Chez Bonnard, l’amour de l’Asie allait donc bien au-delà de l’attirance esthétique pour les laques, ou les étoffes et les estampes dont il tapissa son cabinet de travail. Son livre sur la Chine prouve qu’il avait lu les meilleurs sinologues de l’époque et l’on sait qu’il était abonné au Bulletin de l’École française d’Extrême-Orient. En 1925, il rend compte élogieusement, dans le journal des Débats, d’un ouvrage de René Guénon, L’Homme et son devenir selon le Vêdânta, qu’il range parmi les livres pouvant donner de l’Asie « une idée profonde et vraie » (22).
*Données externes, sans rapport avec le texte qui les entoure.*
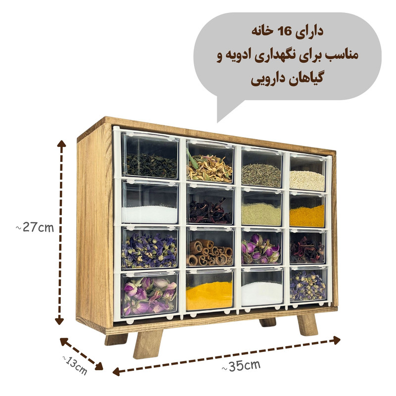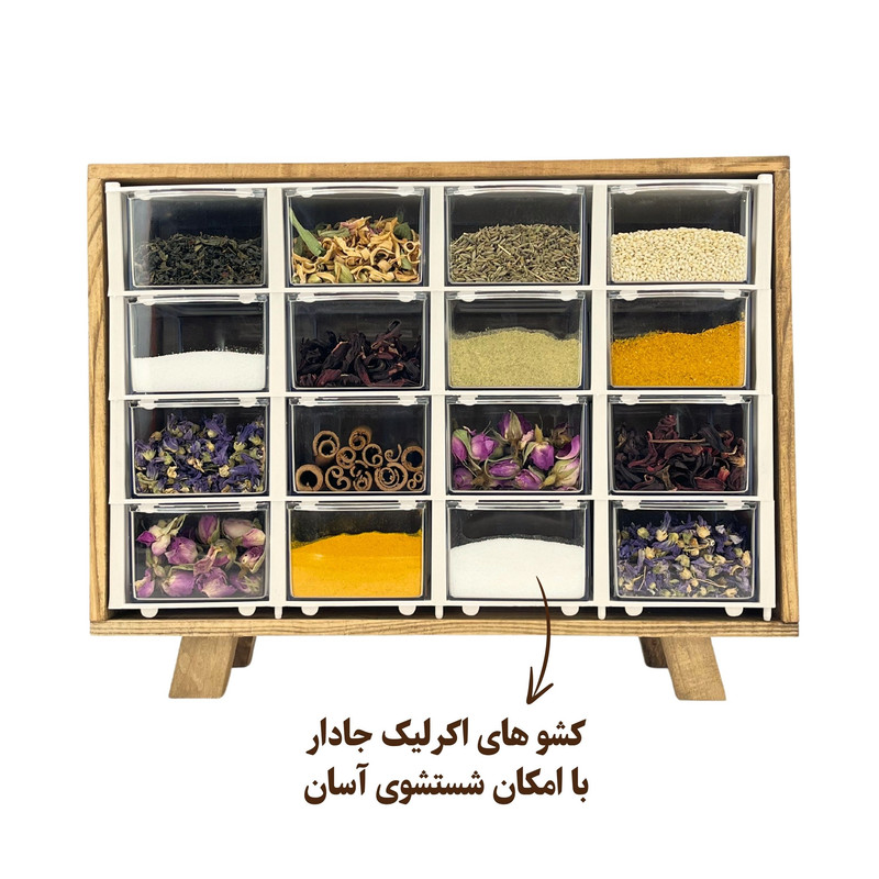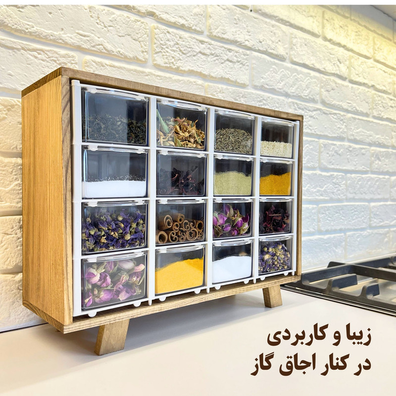 این جا ادویه چوبی 16 کشو، هدیهای است برای خودتان و یا کسانی که به دنبال نظم و زیبایی در آشپزخانه خود هستند. این محصول با طراحی مدرن و کارآمد، تمامی نیازهای شما برای نگهداری انواع ادویهجات و گیاهان دارویی را برطرف میکند.

Quelques années plus tard, dans un numéro de la Nouvelle Revue Française consacré à Gobineau, Bonnard rend hommage en ces termes à l’auteur de l’essai intitulé Les Religions et les philosophies de l’Asie centrale : « Ayant moi-même cette Asie pour patrie personnelle et pour immense refuge, loin du vulgaire Occident, je lui suis reconnaissant d’avoir été l’un de ceux qui la dévoilèrent » (23). Les fracas de l’histoire ne pourront rien contre cette dilection qui, à elle seule, fait de Bonnard un cas à part au sein de la culture de droite en France au XXe siècle. Le 5 mars 1940, il écrit en effet à l’abbé Farnar qu’il rencontre en Extrême-Orient « des façons de comprendre la vie et de contempler le monde en m’associant à lui qui répondent à ma nature » (24).